На Графской пристани, на Минной стенке, на ютах крейсеров засверкала торжественно надраенная медь оркестров, грянули марши, прощальные слова, усиленные корабельными трансляциями, возносились к небу, под громогласные «ура» барказы отваливали от парадных трапов, шли вдоль строя кораблей, поливаемые сотнями шлангов, и всю воду всех бухт, всего моря хотели перекачать через помпы, чтоб обрушить ее на матросов и старшин, демобилизованных приказом министра. Мокрые и счастливые, высаживались они у вокзала. Прощай, флот! Прощайте, корабли— коробки! Да здравствует гражданка!
Партиями — по три— четыре вагона к поезду — демобилизованные направлялись к Москве, и каждую партию сопровождал офицер с двумя матросами. В Харькове происходила смена, севастопольские офицеры передавали демобилизованных представителям военно— морской комендатуры столицы.
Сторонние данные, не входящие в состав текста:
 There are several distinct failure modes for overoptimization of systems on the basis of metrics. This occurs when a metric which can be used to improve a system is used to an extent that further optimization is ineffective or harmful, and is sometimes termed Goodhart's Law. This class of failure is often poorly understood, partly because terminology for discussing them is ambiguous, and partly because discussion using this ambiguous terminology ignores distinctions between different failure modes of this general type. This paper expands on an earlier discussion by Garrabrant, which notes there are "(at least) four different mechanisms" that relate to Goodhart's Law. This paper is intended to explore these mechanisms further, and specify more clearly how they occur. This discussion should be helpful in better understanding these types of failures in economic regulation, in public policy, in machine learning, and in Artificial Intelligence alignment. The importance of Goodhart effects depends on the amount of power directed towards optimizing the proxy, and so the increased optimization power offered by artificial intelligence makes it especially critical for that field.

Побродив по шумному незнакомому городу, послушав негромкую музыку в ресторанных залах, почему— то пустовавших, испытав неприязнь к людям, флота не знавшим и не для флота жившим, офицеры отмечали у коменданта командировочное предписание и радостно отбывали на юг, в Севастополь, к эскадре. Близ Инкермана поезд вытягивался из тоннеля, и Северная бухта представала уютной и неузнаваемой. Еще одна отметка в комендатуре — и по кораблям. Да здравствует флот!
На тридцатые сутки докования открылись кингстоны ботопорта, впуская воду. Все легкое, всплываемое, забытое крутилось в водоворотиках — чья— то бескозырка, пустая бочка, замасленная роба.
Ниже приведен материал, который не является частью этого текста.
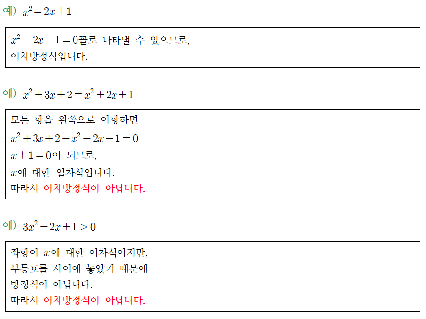 여러 가지 식의 이차방정식을 판정하면 다음과 같이 판정합니다.

По утверждениям корабельных и береговых механиков линкору следовало бы постоять в доке еще недельку— другую. Но тридцать первый день докования означал бы спуск вымпела, то есть вывод корабля из навигации, а это лишило бы команду, офицеров прежде всего, надбавки к окладу, и командир знал, что, промедли он с выводом линкора на чистую воду, вся умом и потом заслуженная им репутация волевого, грамотного, справедливого и требовательного офицера если не развалится, то даст трещину.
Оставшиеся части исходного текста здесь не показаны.